== The input ==
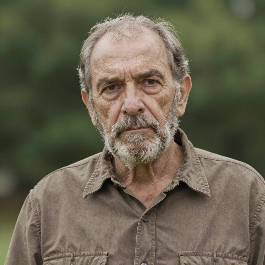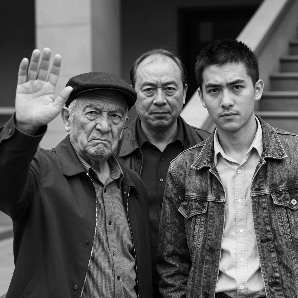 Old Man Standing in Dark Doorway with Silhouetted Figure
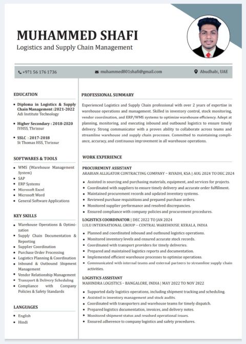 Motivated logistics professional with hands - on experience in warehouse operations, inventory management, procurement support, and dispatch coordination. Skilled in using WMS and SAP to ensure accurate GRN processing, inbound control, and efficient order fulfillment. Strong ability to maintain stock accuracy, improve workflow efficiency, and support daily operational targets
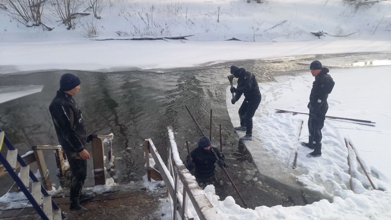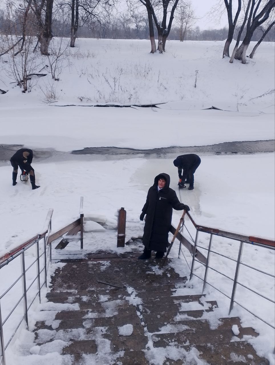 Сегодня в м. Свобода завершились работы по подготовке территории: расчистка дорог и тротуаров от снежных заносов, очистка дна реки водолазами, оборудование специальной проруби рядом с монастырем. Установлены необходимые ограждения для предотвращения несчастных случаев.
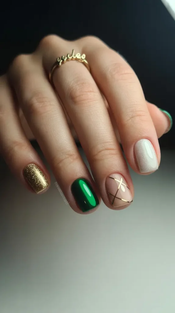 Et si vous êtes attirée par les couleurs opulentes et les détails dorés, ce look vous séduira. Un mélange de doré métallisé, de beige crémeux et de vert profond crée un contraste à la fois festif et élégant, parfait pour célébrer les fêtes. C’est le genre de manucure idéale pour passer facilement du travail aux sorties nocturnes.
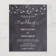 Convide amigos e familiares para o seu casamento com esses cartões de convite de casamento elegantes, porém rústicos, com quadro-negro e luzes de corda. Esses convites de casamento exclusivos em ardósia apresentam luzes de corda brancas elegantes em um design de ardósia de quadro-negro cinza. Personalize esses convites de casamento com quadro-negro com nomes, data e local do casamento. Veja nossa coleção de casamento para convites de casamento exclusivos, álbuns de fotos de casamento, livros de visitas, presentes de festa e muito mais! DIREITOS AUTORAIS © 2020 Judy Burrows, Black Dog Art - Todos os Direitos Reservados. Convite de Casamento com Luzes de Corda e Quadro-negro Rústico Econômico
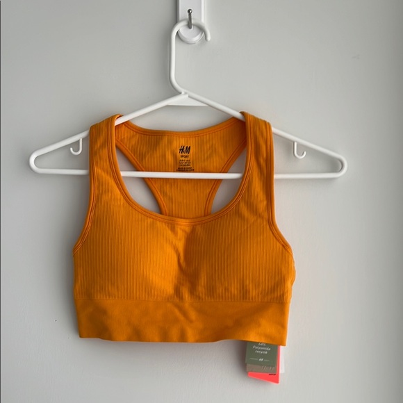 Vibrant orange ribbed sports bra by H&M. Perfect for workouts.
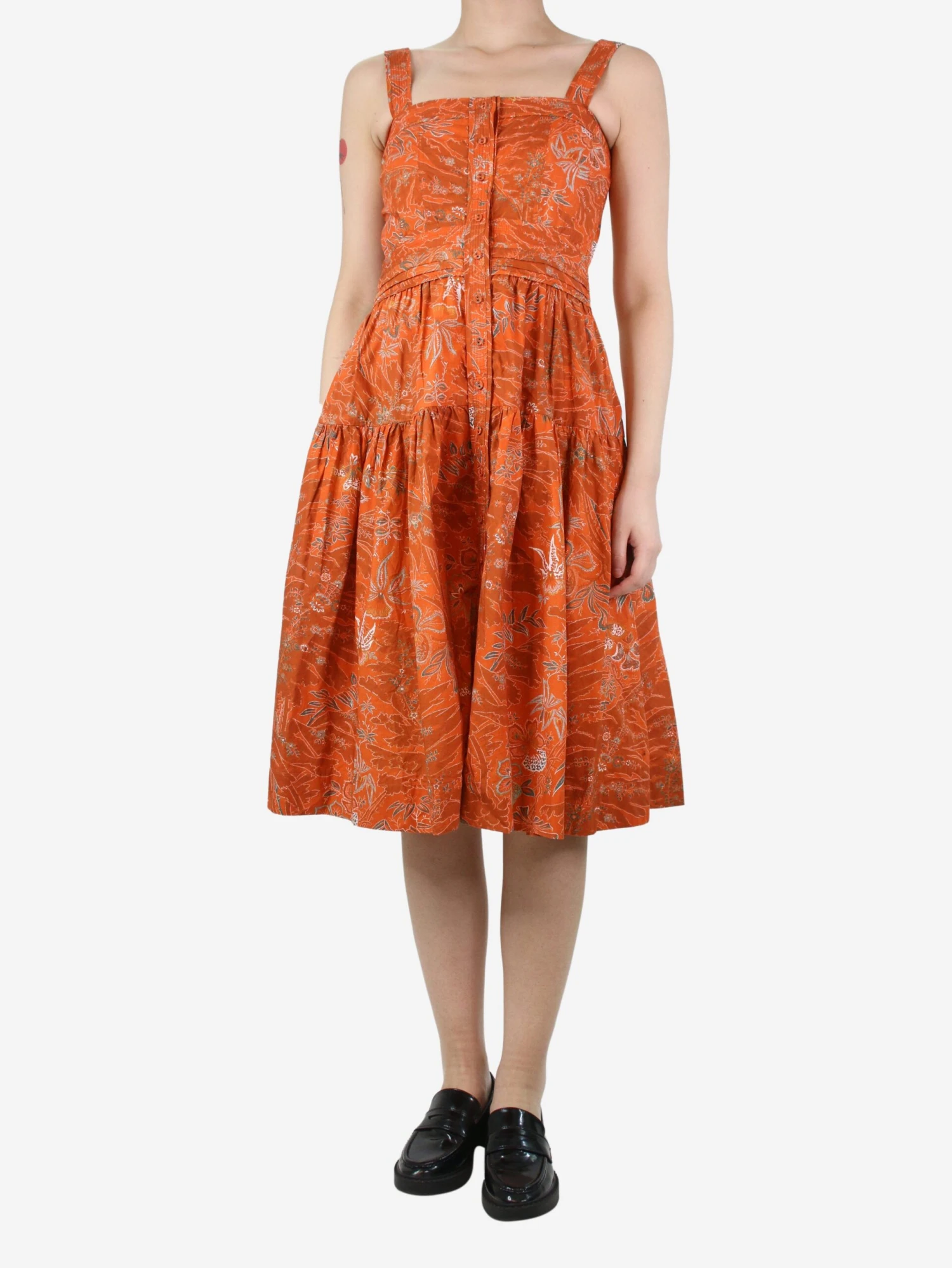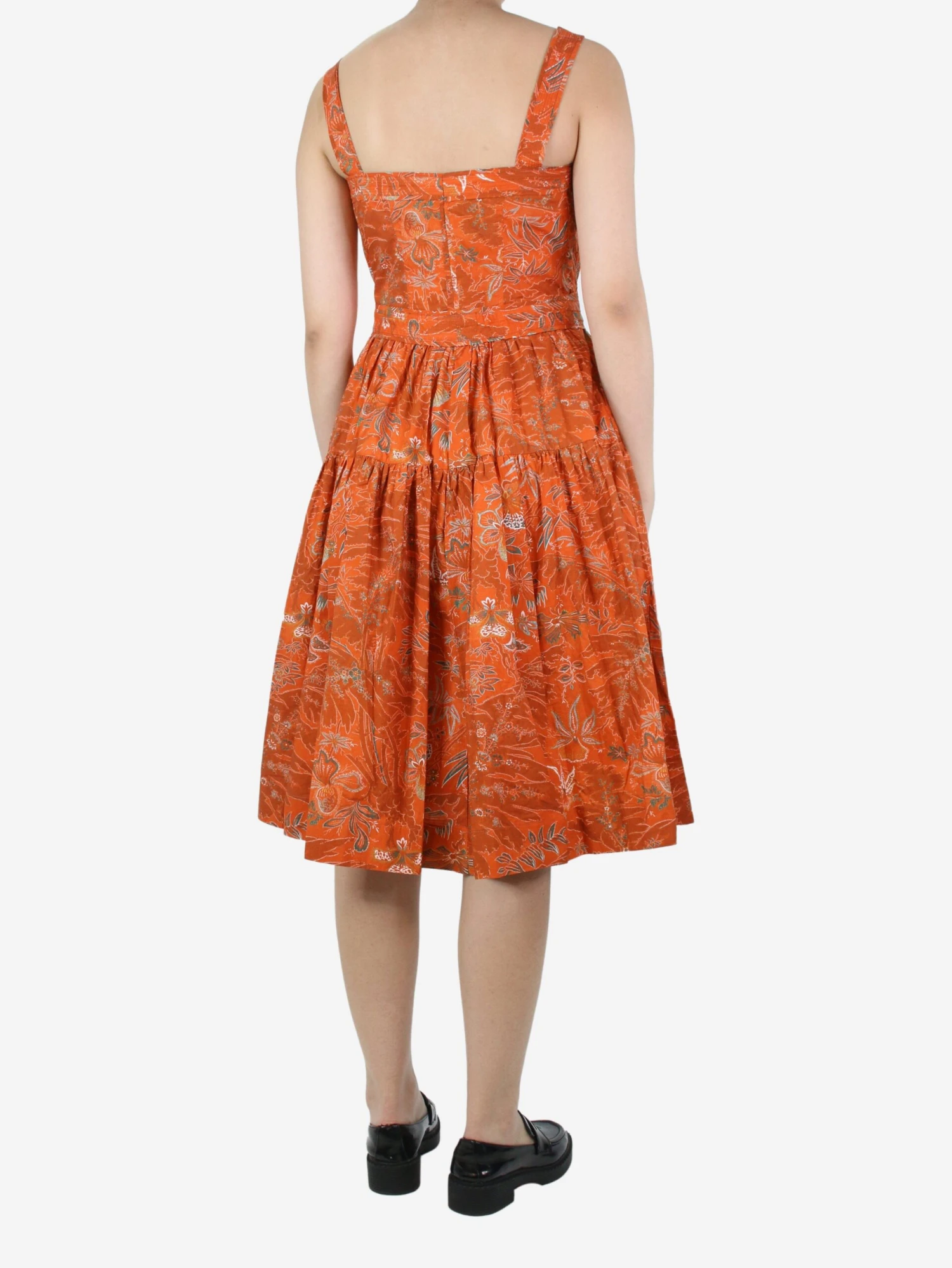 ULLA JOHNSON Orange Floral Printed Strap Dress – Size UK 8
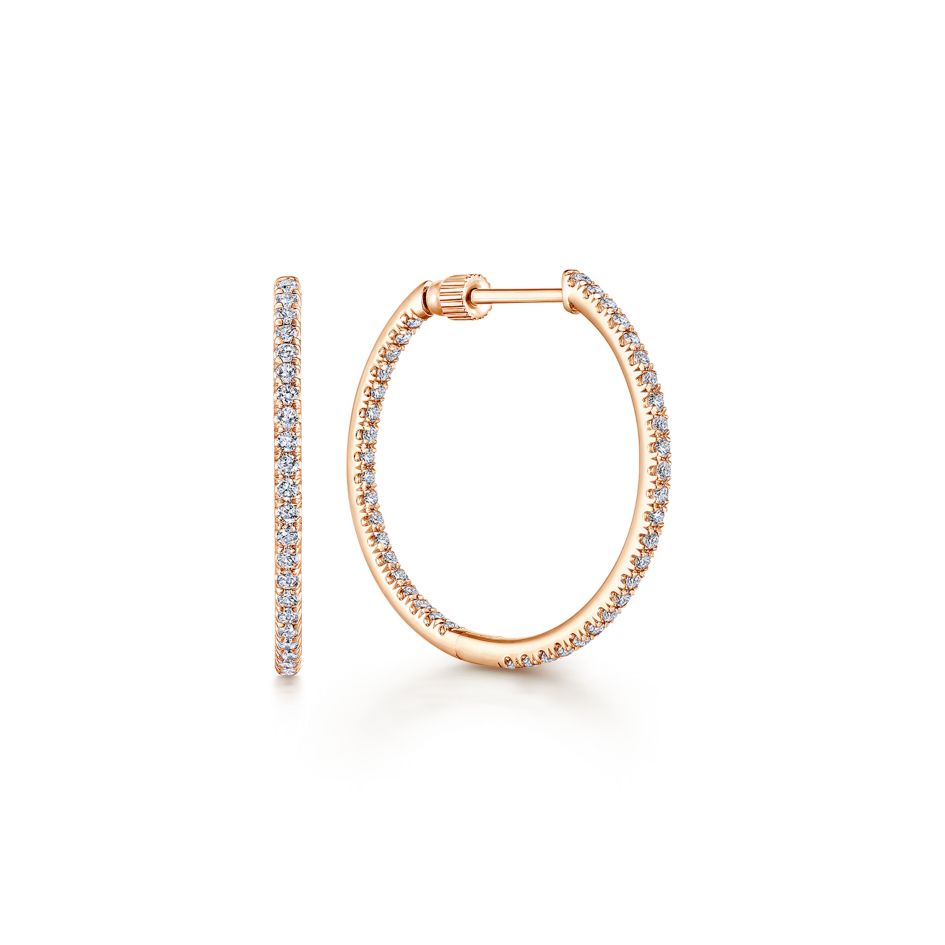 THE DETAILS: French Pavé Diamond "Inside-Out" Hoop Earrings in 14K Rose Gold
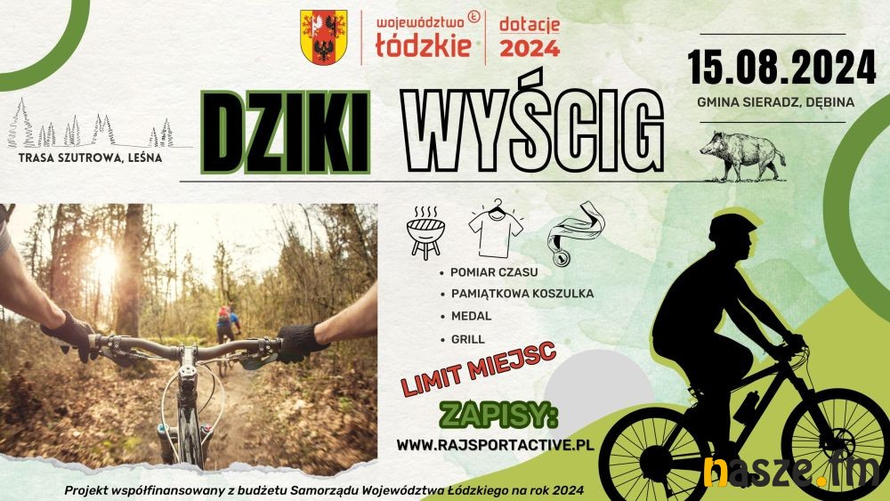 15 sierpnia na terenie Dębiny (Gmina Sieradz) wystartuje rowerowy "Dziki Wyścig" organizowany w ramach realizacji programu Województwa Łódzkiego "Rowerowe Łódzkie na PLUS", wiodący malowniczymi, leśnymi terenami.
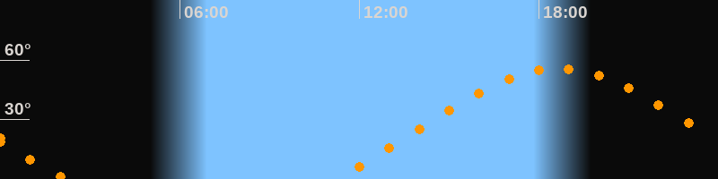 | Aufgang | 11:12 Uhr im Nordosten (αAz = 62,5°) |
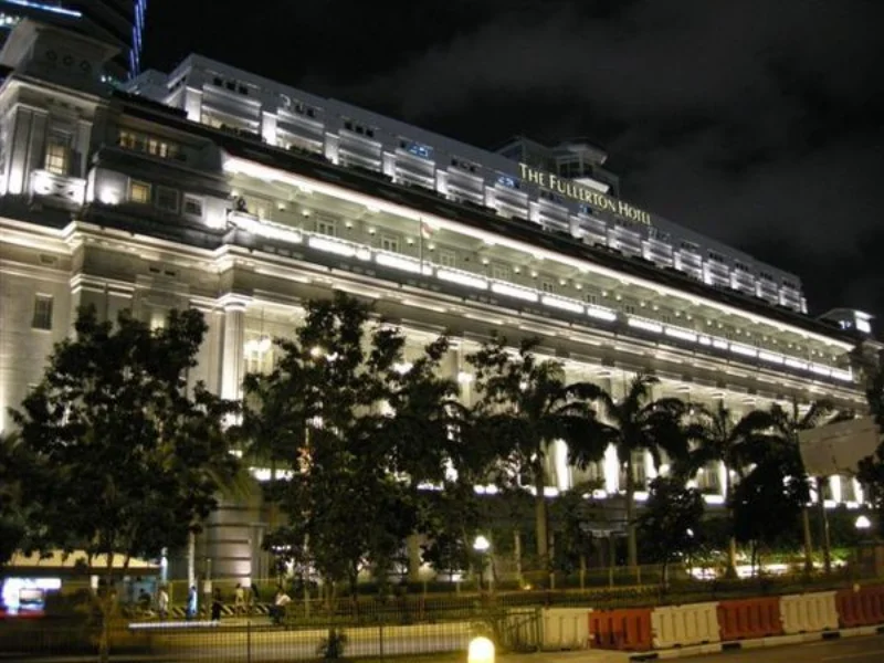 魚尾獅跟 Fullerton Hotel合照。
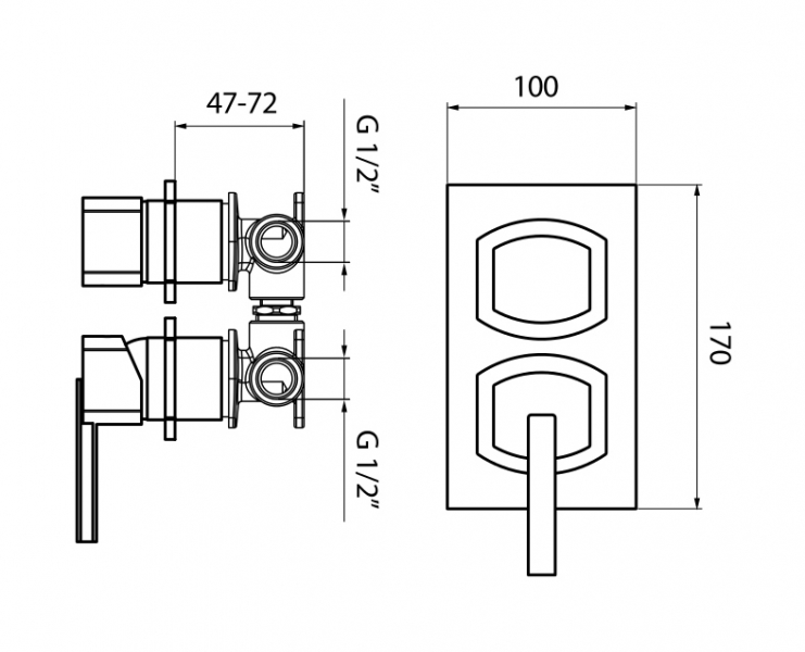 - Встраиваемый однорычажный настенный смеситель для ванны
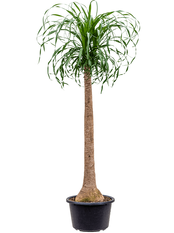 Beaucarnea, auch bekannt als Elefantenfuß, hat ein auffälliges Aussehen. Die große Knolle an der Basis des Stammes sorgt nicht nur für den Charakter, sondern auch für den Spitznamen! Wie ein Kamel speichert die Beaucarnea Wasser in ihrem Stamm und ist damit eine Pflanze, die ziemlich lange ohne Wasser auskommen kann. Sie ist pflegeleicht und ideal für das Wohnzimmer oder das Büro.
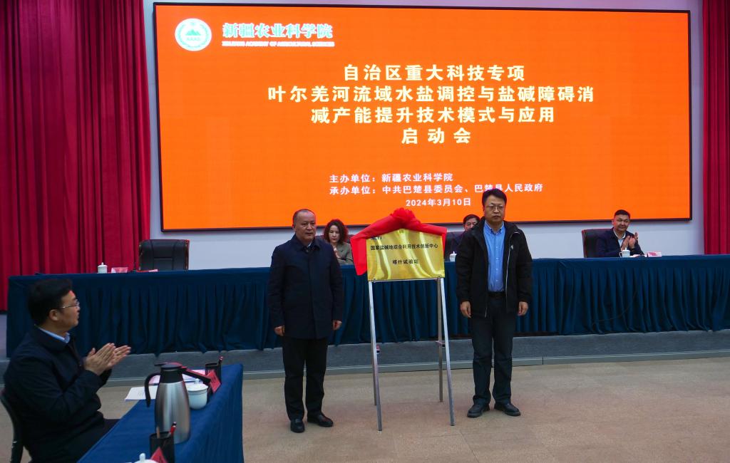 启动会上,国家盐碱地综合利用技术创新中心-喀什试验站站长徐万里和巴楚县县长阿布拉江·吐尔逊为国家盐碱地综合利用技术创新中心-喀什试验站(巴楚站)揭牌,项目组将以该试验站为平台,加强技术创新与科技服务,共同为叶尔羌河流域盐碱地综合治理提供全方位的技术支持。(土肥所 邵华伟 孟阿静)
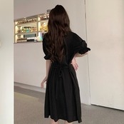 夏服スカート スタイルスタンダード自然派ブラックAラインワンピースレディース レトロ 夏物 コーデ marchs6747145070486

== Task goal ==
Give back the whole listing exactly as written. Do not include any picture.

== Result for this exercise ==
 Old Man Standing in Dark Doorway with Silhouetted Figure
 Motivated logistics professional with hands - on experience in warehouse operations, inventory management, procurement support, and dispatch coordination. Skilled in using WMS and SAP to ensure accurate GRN processing, inbound control, and efficient order fulfillment. Strong ability to maintain stock accuracy, improve workflow efficiency, and support daily operational targets
 Сегодня в м. Свобода завершились работы по подготовке территории: расчистка дорог и тротуаров от снежных заносов, очистка дна реки водолазами, оборудование специальной проруби рядом с монастырем. Установлены необходимые ограждения для предотвращения несчастных случаев.
 Et si vous êtes attirée par les couleurs opulentes et les détails dorés, ce look vous séduira. Un mélange de doré métallisé, de beige crémeux et de vert profond crée un contraste à la fois festif et élégant, parfait pour célébrer les fêtes. C’est le genre de manucure idéale pour passer facilement du travail aux sorties nocturnes.
 Convide amigos e familiares para o seu casamento com esses cartões de convite de casamento elegantes, porém rústicos, com quadro-negro e luzes de corda. Esses convites de casamento exclusivos em ardósia apresentam luzes de corda brancas elegantes em um design de ardósia de quadro-negro cinza. Personalize esses convites de casamento com quadro-negro com nomes, data e local do casamento. Veja nossa coleção de casamento para convites de casamento exclusivos, álbuns de fotos de casamento, livros de visitas, presentes de festa e muito mais! DIREITOS AUTORAIS © 2020 Judy Burrows, Black Dog Art - Todos os Direitos Reservados. Convite de Casamento com Luzes de Corda e Quadro-negro Rústico Econômico
 Vibrant orange ribbed sports bra by H&M. Perfect for workouts.
 ULLA JOHNSON Orange Floral Printed Strap Dress – Size UK 8
 THE DETAILS: French Pavé Diamond "Inside-Out" Hoop Earrings in 14K Rose Gold
 15 sierpnia na terenie Dębiny (Gmina Sieradz) wystartuje rowerowy "Dziki Wyścig" organizowany w ramach realizacji programu Województwa Łódzkiego "Rowerowe Łódzkie na PLUS", wiodący malowniczymi, leśnymi terenami.
 | Aufgang | 11:12 Uhr im Nordosten (αAz = 62,5°) |
 魚尾獅跟 Fullerton Hotel合照。
 - Встраиваемый однорычажный настенный смеситель для ванны
 Beaucarnea, auch bekannt als Elefantenfuß, hat ein auffälliges Aussehen. Die große Knolle an der Basis des Stammes sorgt nicht nur für den Charakter, sondern auch für den Spitznamen! Wie ein Kamel speichert die Beaucarnea Wasser in ihrem Stamm und ist damit eine Pflanze, die ziemlich lange ohne Wasser auskommen kann. Sie ist pflegeleicht und ideal für das Wohnzimmer oder das Büro.
 启动会上,国家盐碱地综合利用技术创新中心-喀什试验站站长徐万里和巴楚县县长阿布拉江·吐尔逊为国家盐碱地综合利用技术创新中心-喀什试验站(巴楚站)揭牌,项目组将以该试验站为平台,加强技术创新与科技服务,共同为叶尔羌河流域盐碱地综合治理提供全方位的技术支持。(土肥所 邵华伟 孟阿静)
 夏服スカート スタイルスタンダード自然派ブラックAラインワンピースレディース レトロ 夏物 コーデ marchs6747145070486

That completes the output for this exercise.